Bild eines Menschen, der, überdrüssig Gott durch die bloße Vernunft zu suchen, anfängt die heilige Schrift zu lesen.

1.

Wenn ich die Verblendung und das Elend des Menschen und jene erstaunlichen Widersprüche, die in seinem Wesen hervortreten, betrachte; wenn ich sehe, daß das ganze Universum schweigt, und der Mensch, ohne Licht, sich selbst überlassen ist, gleichsam verirrt in diesem Winkel des Universums, ohne zu wissen, wer ihn dahin gesetzt hat, noch wozu er da ist, noch was aus ihm nach dem Tode wird: so überfällt mich ein Schrecken gleich dem eines Menschen, den man im Schlafe auf eine wüste und schreckliche Insel ausgesetzt hat, und der nun bei seinem Erwachen nicht weiß wo er ist, und kein Mittel hat, von da fortzukommen. Und bei alledem wundere ich mich, daß man über einen so elenden Zustand nicht in Verzweiflung geräth. Ich sehe neben mir andere Menschen von ähnlicher Beschaffenheit: ich frage sie, ob sie besser unterrichtet sind, als ich, und sie sagen mir nein; und trotzdem haben diese unglücklichen Verirrten bei ihrer Umschau einige angenehme, verlockende Gegenstände erspäht und sich ihnen ergeben und ihr Herz an sie gehängt.

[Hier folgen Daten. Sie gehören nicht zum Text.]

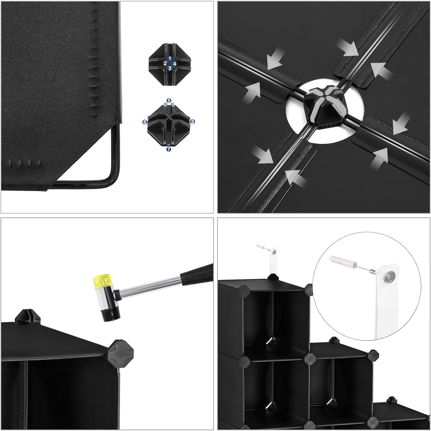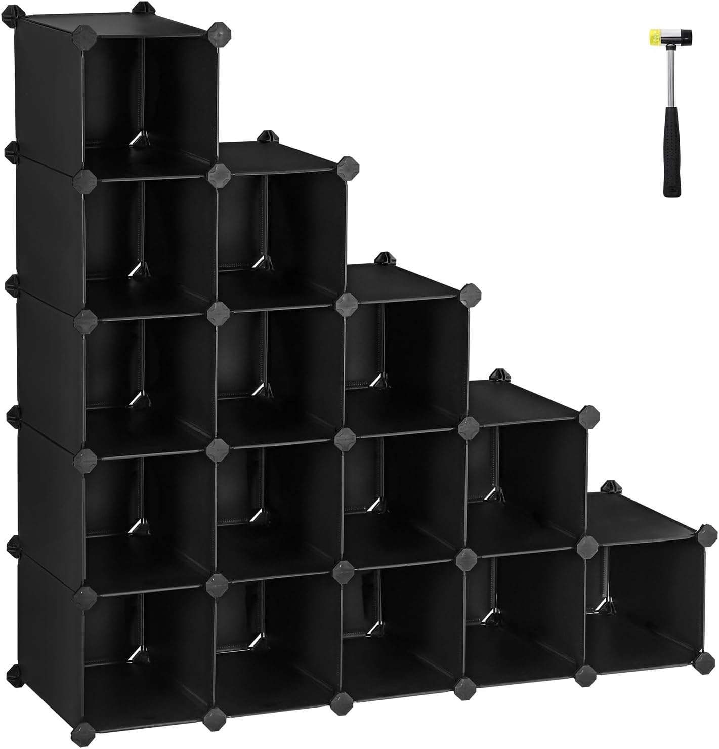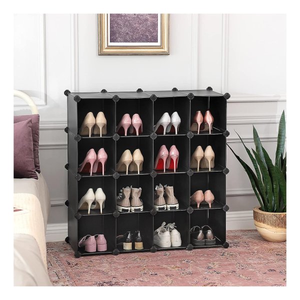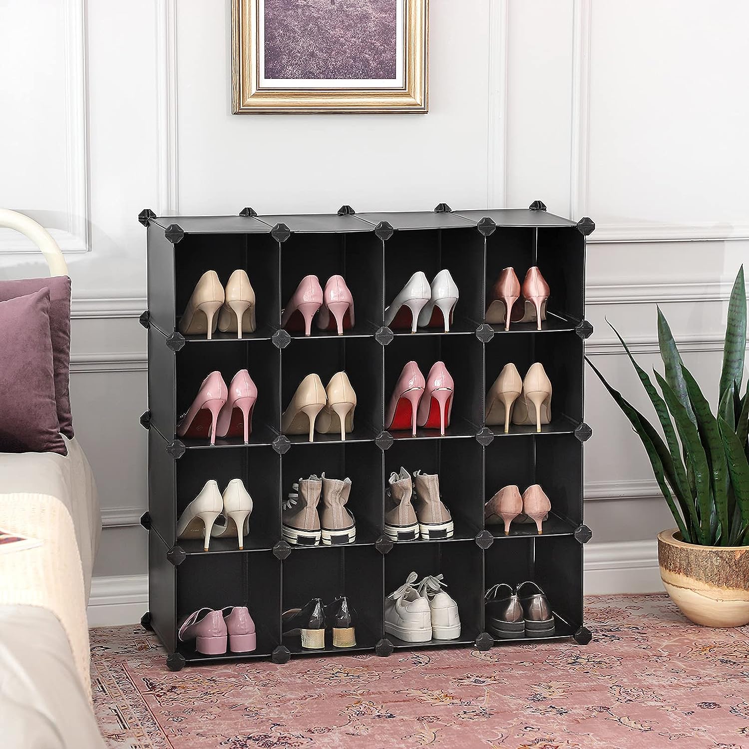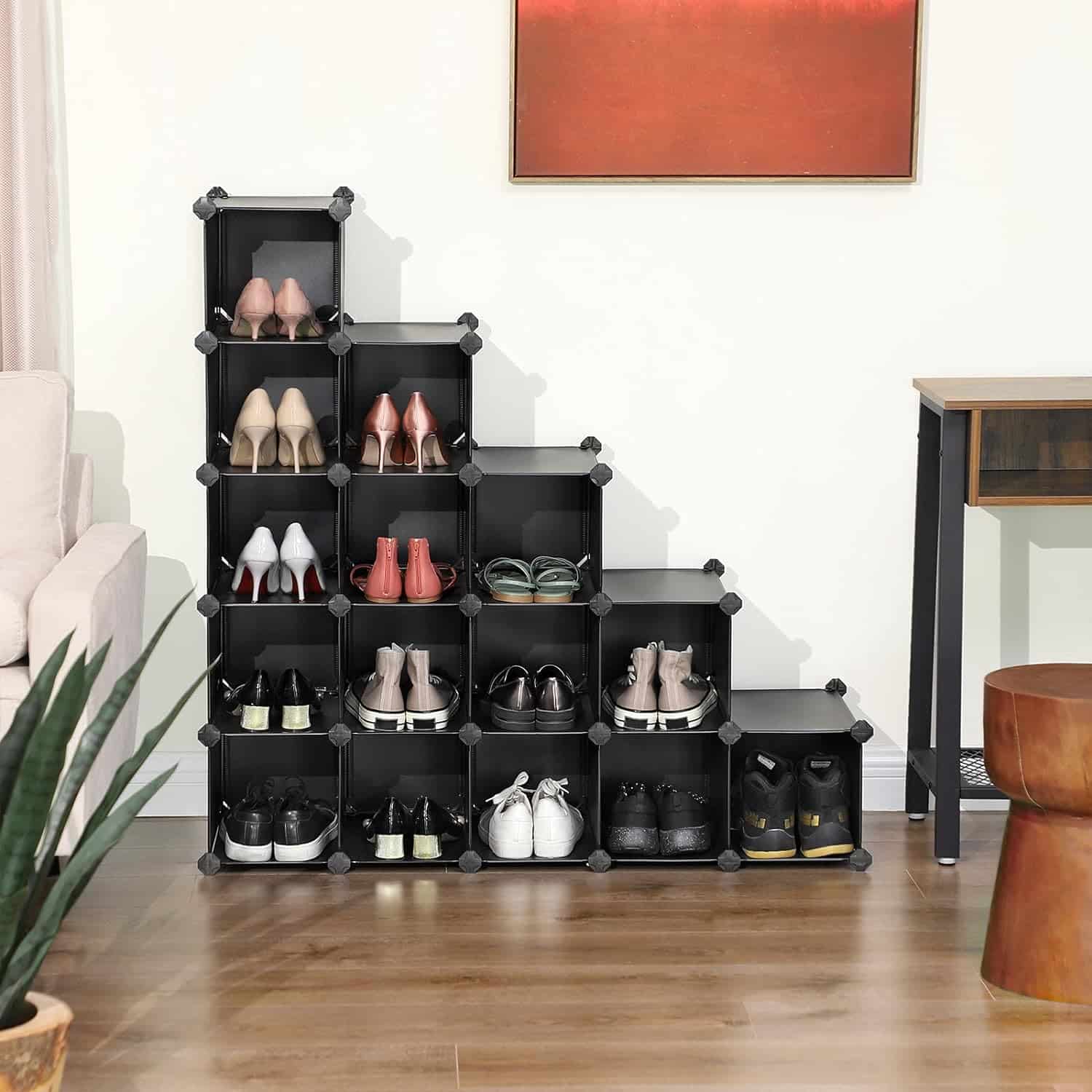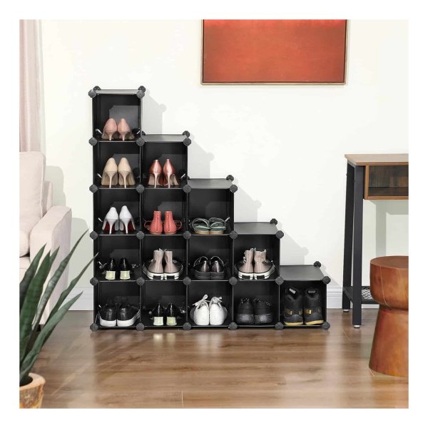 Schoenrek kunststof, rechthoekig schapsysteem met 15 vakken, doe het zelf insteekplank, opbergrek, garderobe, schoenenopberger, metaaldraad, zwart

Ich für meine Person habe mich in der Gesellschaft solcher Menschen nicht verweilen, noch ruhig fühlen können, Menschen die mir in allem ähnlich sind: elend wie ich, ohnmächtig wie ich. Ich sehe, daß sie mir nicht helfen werden, wenn ich sterbe: ich werde allein sterben; ich muß also thun, als wäre ich allein: nun, wenn ich allein wäre, würde ich sicher keine Häuser bauen, noch mich in aufregende Geschäfte stürzen, noch nach Ehre für meine Person geizen: mein einziges Streben würde darauf gerichtet sein, die Wahrheit zu entdecken.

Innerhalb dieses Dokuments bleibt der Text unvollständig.